Early Historians: Bede and Ibn Khaldun
The Venerable Bede
- Lived approximately 673-735 CE.
- At age 7, he was taken to the monastery of Wearmouth to be raised by monks.
- Two years later, he was sent to establish the monastic community of Jarrow, where he spent the rest of his life.
- His life coincided with the revival of Roman culture after the Romans left England around 410 CE.
Bede’s Achievements
- Taught Latin to his fellow monks, the official language of the Christian church. He also translated parts of the Bible into Old English.
- Most remembered for The Ecclesiastical History of the English People (731), a work of didactic (instructional) history.
- Believed miracles were historical facts.
- Authored hagiographies, which are biographies of saints.
Bede's View on History
- History should record good things of good men to encourage imitation of good, and record evil of wicked men to encourage the avoidance of sin.
Bede’s Legacy as a Historian and Historical Source
- Advocated for a universally accepted chronology in De Temporibus (703).
- Argued for the reinstatement of the Roman Christian system to standardize the calculation of important events, such as Easter.
- Introduced the Roman dating system of BC (Before Christ) and AD (Anno Domini, ‘in the year of Our Lord’).
- Cultural historian: The Ecclesiastical History recorded details of Caedmon, the first English poet known by name.

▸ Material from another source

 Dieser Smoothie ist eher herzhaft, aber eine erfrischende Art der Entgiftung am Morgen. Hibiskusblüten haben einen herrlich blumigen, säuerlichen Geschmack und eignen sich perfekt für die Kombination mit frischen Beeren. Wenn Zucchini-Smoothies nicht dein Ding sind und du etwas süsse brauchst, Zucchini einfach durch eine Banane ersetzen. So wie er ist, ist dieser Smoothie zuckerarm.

- Oral historian, similar to Herodotus.
- Named his sources, thus referencing them.
Ibn Khaldūn
- Lived 1332-1406.
- Considered by some as a foreshadowing of European modernity.
- Deeply religious but separated the sacred and the secular.

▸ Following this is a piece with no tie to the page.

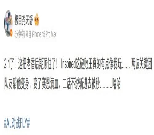体育资讯7月3日报道宣称 MSI淘汰赛AL 2-1 FLY,解说天舒点评:

- Like other historians, he not only recorded the past but also explained it.
- Born on 1 Ramadan 732 (27 May 1332).
- Served as the secretary to the Moroccan Sultan Abu ‘Inan, which led to his imprisonment due to suspicions of freeing a captured prince.
- Freed after Abu ‘Inan’s death, but fled to Spain.
- After further political issues, he went to Algeria and started writing history.
- Later, in Egypt, he wrote his most famous work, The Muqaddimah.
The Muqaddimah
- Unlike the historical works of his contemporaries, Ibn Khaldūn declared that The Muqaddimah did not aim to ‘move or charm the reader’, to ‘moralize or convince’, or to serve a political purpose.
- It was not biased, based on hearsay or false assumptions, or written to gain favor with those in power.
- Importantly, it excluded the supernatural but appealed to religious faith by stating that it was not the historian’s place to speculate about causes beyond a certain point, which was considered God’s domain.